→ **WHAT IS EXPECTED**: Transcribe the records below word for word, beginning with the first line and stopping after the line that contains "Use this brush"; pictures are not part of the copy.

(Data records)

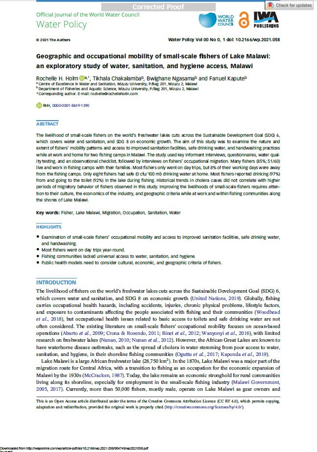 Geographic and occupational mobility of small-scale fishers of Lake Malawi: an exploratory study of water, sanitation, and hygiene access, Malawi
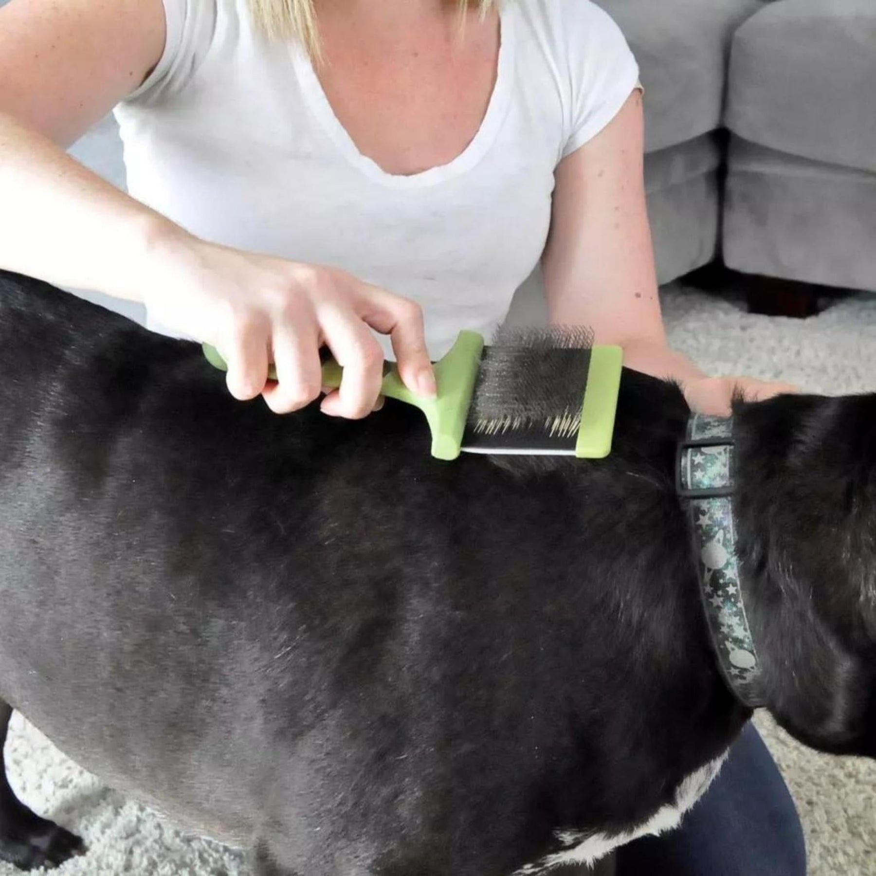 Use this brush regularly to keep your dog's coat healthy and beautiful! Reduces shedding to keep your dog and home clean. Flexible head contours to your dog for all-over grooming. Gently removes excess hair and tangles with stainless steel pins. Comfort-grip handle makes it easy to use. Keeps a variety of coat types healthy and beautiful.
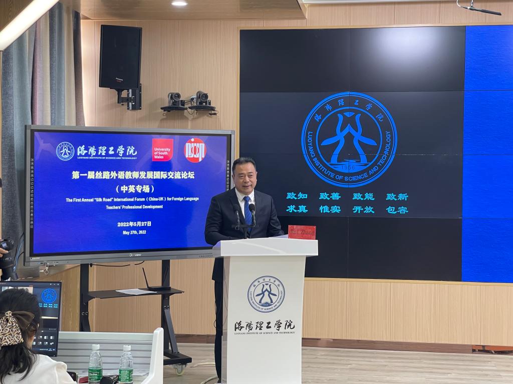 5月27日上午,第一届丝路外语教师发展国际论坛(中英专场)在王城校区智慧教学可视化管理中心AE507开幕。校长张锐出席开幕仪式,美高梅娱乐场合作
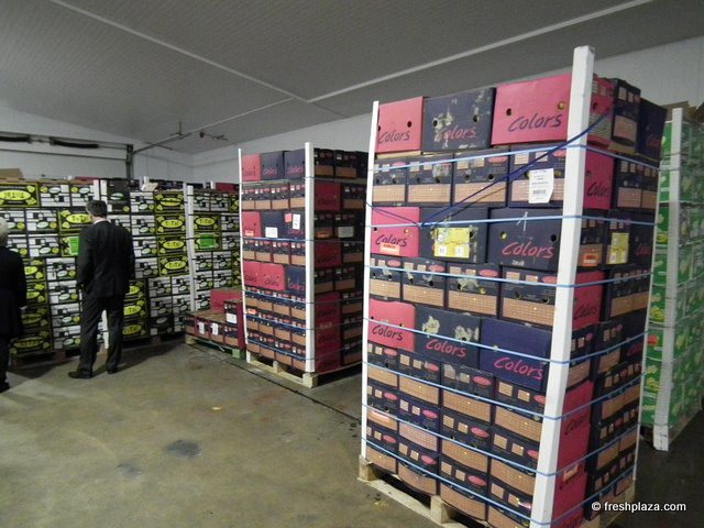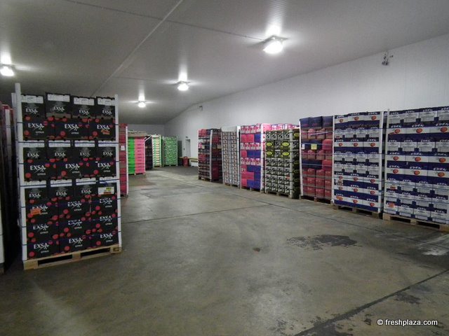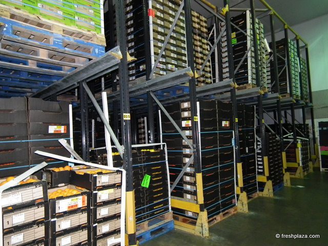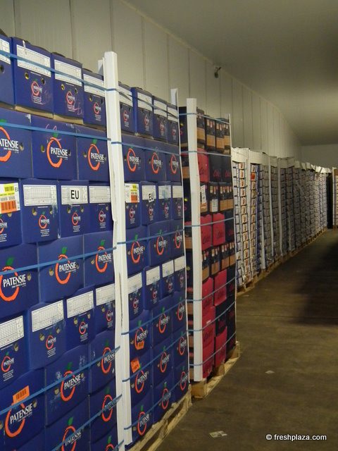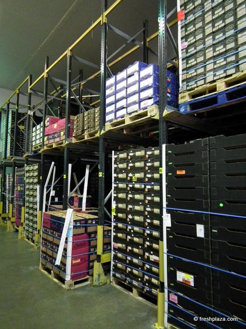 Grote voorraden fruit. Er is bewust niet gekozen stellingen maar 1 laags opslag om snel bij het fruit te kunnen
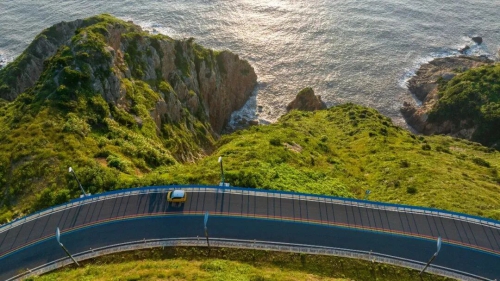 沿着168黄金海岸驱车前行,一侧是翠绿山峦,一侧是蔚蓝大海,这条被誉为“东方夏威夷”的景观带串联起苍南最美的海岸风光。每个转弯都可能遇见不同的风景——静谧的海湾、金色的沙滩、奇特的礁石。

→ **WRITTEN ANSWER**:
 Geographic and occupational mobility of small-scale fishers of Lake Malawi: an exploratory study of water, sanitation, and hygiene access, Malawi
 Use this brush regularly to keep your dog's coat healthy and beautiful! Reduces shedding to keep your dog and home clean. Flexible head contours to your dog for all-over grooming. Gently removes excess hair and tangles with stainless steel pins. Comfort-grip handle makes it easy to use. Keeps a variety of coat types healthy and beautiful.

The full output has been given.